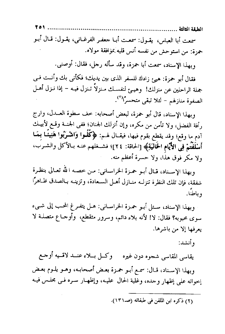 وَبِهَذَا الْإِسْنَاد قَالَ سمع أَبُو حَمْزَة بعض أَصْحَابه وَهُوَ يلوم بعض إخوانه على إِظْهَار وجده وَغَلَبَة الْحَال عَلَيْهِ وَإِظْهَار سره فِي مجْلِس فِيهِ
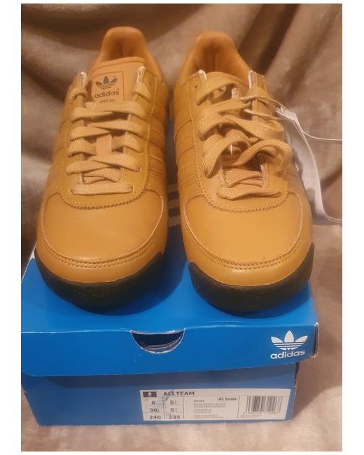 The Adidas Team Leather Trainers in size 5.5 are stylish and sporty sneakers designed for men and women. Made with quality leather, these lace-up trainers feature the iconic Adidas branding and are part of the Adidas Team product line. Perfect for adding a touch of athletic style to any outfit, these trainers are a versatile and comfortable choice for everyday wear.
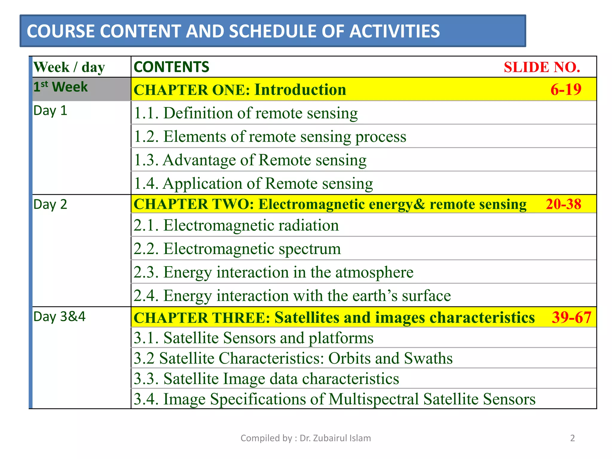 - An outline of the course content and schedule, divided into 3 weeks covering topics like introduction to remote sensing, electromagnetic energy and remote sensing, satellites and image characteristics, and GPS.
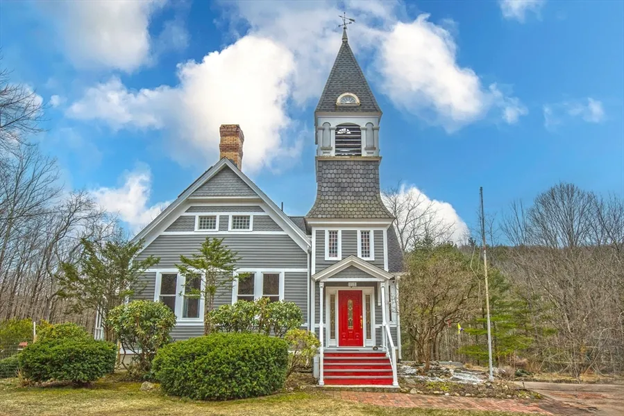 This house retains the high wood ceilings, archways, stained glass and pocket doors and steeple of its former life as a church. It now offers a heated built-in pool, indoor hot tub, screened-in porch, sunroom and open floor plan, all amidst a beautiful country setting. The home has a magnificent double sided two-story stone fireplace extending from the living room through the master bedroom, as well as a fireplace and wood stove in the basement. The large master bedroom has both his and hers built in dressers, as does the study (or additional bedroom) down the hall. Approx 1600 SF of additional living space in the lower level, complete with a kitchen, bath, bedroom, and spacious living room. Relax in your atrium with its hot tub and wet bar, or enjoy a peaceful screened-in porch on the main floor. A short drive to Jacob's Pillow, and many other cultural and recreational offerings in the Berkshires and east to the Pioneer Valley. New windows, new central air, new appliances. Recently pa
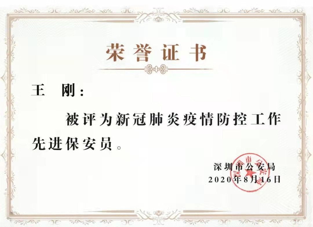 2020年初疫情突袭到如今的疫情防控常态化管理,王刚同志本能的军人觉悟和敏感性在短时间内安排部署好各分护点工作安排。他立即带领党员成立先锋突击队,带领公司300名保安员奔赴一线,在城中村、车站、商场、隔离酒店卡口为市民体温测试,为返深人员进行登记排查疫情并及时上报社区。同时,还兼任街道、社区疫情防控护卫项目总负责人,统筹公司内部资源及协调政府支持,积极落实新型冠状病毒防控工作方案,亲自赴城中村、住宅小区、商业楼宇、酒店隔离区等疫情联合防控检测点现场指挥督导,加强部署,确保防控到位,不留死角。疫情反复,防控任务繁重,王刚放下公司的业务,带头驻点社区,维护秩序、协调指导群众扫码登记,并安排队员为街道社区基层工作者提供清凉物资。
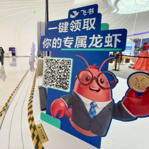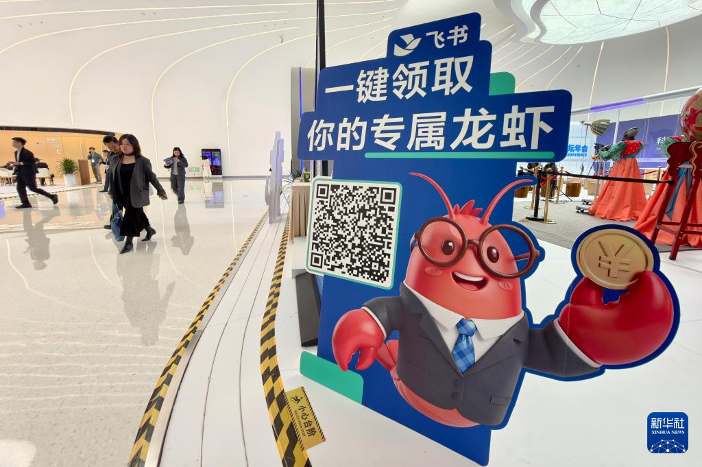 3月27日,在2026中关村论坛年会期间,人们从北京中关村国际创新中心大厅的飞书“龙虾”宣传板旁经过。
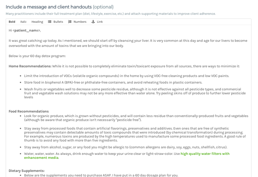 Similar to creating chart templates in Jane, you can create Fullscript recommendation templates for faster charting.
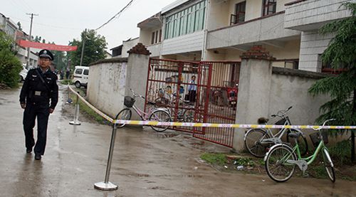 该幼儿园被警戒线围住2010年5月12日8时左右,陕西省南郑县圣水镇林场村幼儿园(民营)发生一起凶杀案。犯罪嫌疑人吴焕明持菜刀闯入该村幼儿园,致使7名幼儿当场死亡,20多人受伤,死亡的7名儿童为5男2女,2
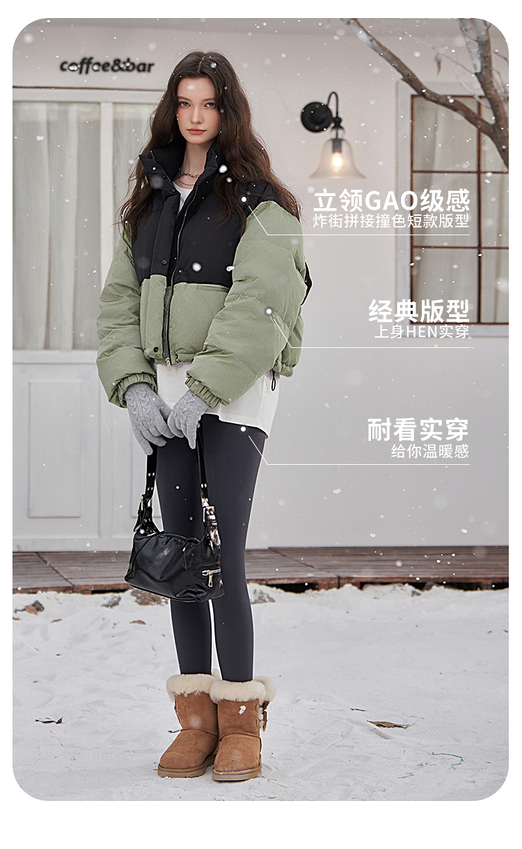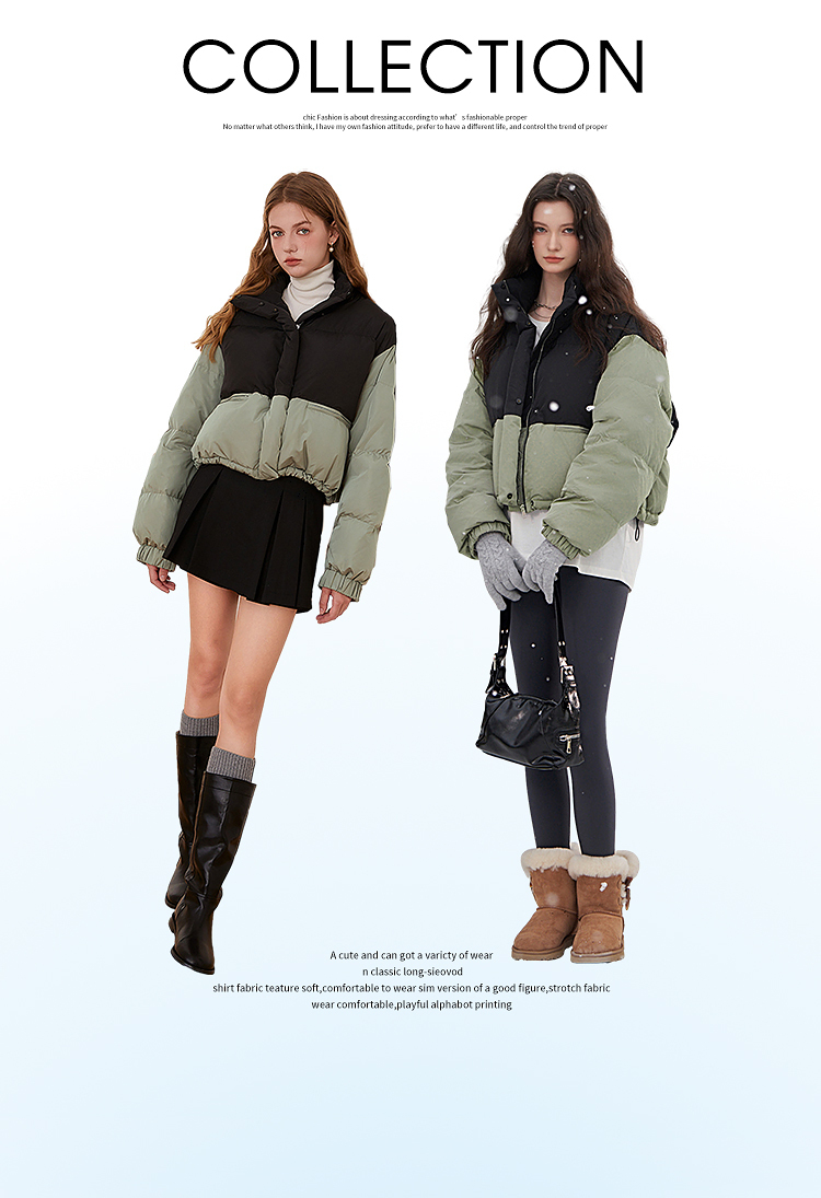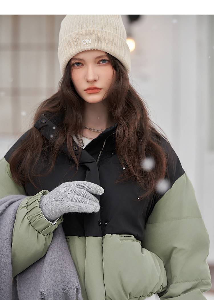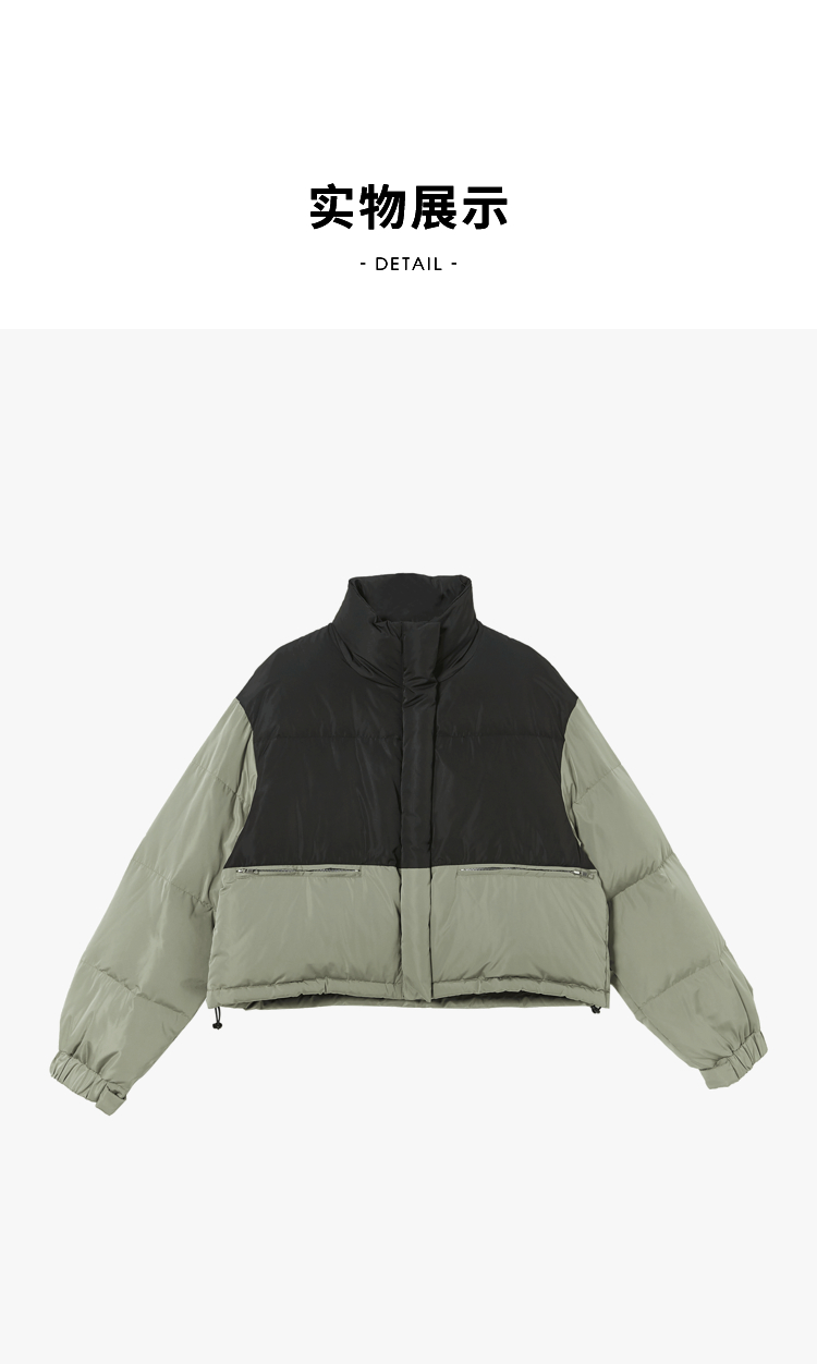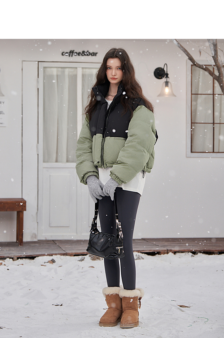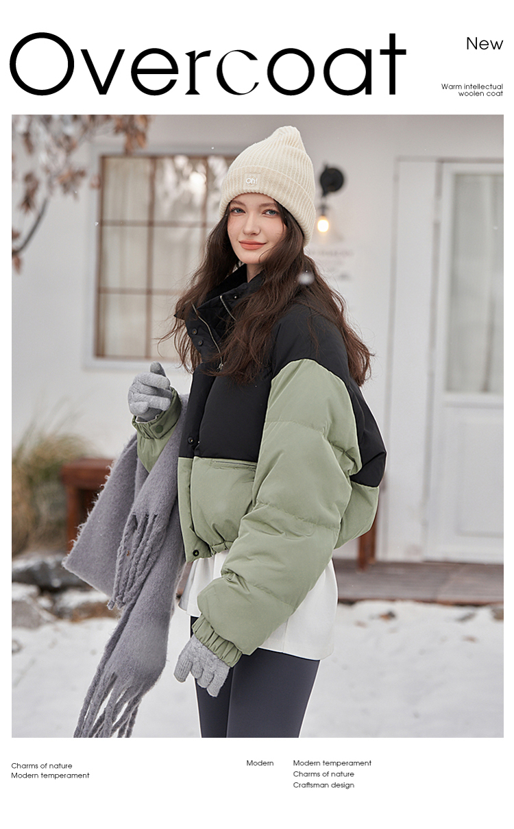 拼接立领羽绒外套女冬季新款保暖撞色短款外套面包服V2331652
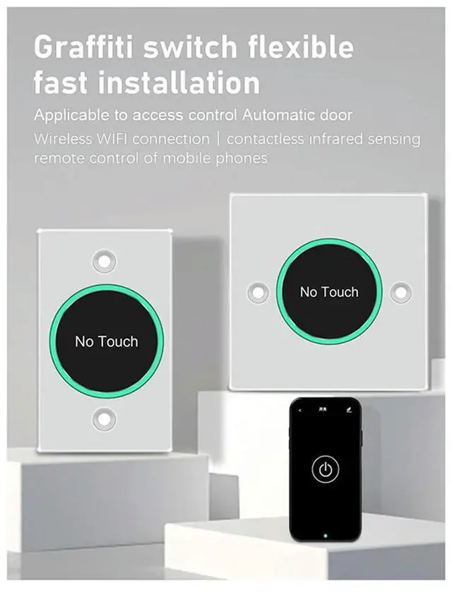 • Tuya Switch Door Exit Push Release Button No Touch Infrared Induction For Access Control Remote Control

### TO DO
A verbatim copy of every entry is wanted; the pictures stay out of it.

### RESPONSE TO THIS EXERCISE
 وَبِهَذَا الْإِسْنَاد قَالَ سمع أَبُو حَمْزَة بعض أَصْحَابه وَهُوَ يلوم بعض إخوانه على إِظْهَار وجده وَغَلَبَة الْحَال عَلَيْهِ وَإِظْهَار سره فِي مجْلِس فِيهِ
 The Adidas Team Leather Trainers in size 5.5 are stylish and sporty sneakers designed for men and women. Made with quality leather, these lace-up trainers feature the iconic Adidas branding and are part of the Adidas Team product line. Perfect for adding a touch of athletic style to any outfit, these trainers are a versatile and comfortable choice for everyday wear.
 - An outline of the course content and schedule, divided into 3 weeks covering topics like introduction to remote sensing, electromagnetic energy and remote sensing, satellites and image characteristics, and GPS.
 This house retains the high wood ceilings, archways, stained glass and pocket doors and steeple of its former life as a church. It now offers a heated built-in pool, indoor hot tub, screened-in porch, sunroom and open floor plan, all amidst a beautiful country setting. The home has a magnificent double sided two-story stone fireplace extending from the living room through the master bedroom, as well as a fireplace and wood stove in the basement. The large master bedroom has both his and hers built in dressers, as does the study (or additional bedroom) down the hall. Approx 1600 SF of additional living space in the lower level, complete with a kitchen, bath, bedroom, and spacious living room. Relax in your atrium with its hot tub and wet bar, or enjoy a peaceful screened-in porch on the main floor. A short drive to Jacob's Pillow, and many other cultural and recreational offerings in the Berkshires and east to the Pioneer Valley. New windows, new central air, new appliances. Recently pa
 2020年初疫情突袭到如今的疫情防控常态化管理,王刚同志本能的军人觉悟和敏感性在短时间内安排部署好各分护点工作安排。他立即带领党员成立先锋突击队,带领公司300名保安员奔赴一线,在城中村、车站、商场、隔离酒店卡口为市民体温测试,为返深人员进行登记排查疫情并及时上报社区。同时,还兼任街道、社区疫情防控护卫项目总负责人,统筹公司内部资源及协调政府支持,积极落实新型冠状病毒防控工作方案,亲自赴城中村、住宅小区、商业楼宇、酒店隔离区等疫情联合防控检测点现场指挥督导,加强部署,确保防控到位,不留死角。疫情反复,防控任务繁重,王刚放下公司的业务,带头驻点社区,维护秩序、协调指导群众扫码登记,并安排队员为街道社区基层工作者提供清凉物资。
 3月27日,在2026中关村论坛年会期间,人们从北京中关村国际创新中心大厅的飞书“龙虾”宣传板旁经过。
 Similar to creating chart templates in Jane, you can create Fullscript recommendation templates for faster charting.
 该幼儿园被警戒线围住2010年5月12日8时左右,陕西省南郑县圣水镇林场村幼儿园(民营)发生一起凶杀案。犯罪嫌疑人吴焕明持菜刀闯入该村幼儿园,致使7名幼儿当场死亡,20多人受伤,死亡的7名儿童为5男2女,2
 拼接立领羽绒外套女冬季新款保暖撞色短款外套面包服V2331652
 • Tuya Switch Door Exit Push Release Button No Touch Infrared Induction For Access Control Remote Control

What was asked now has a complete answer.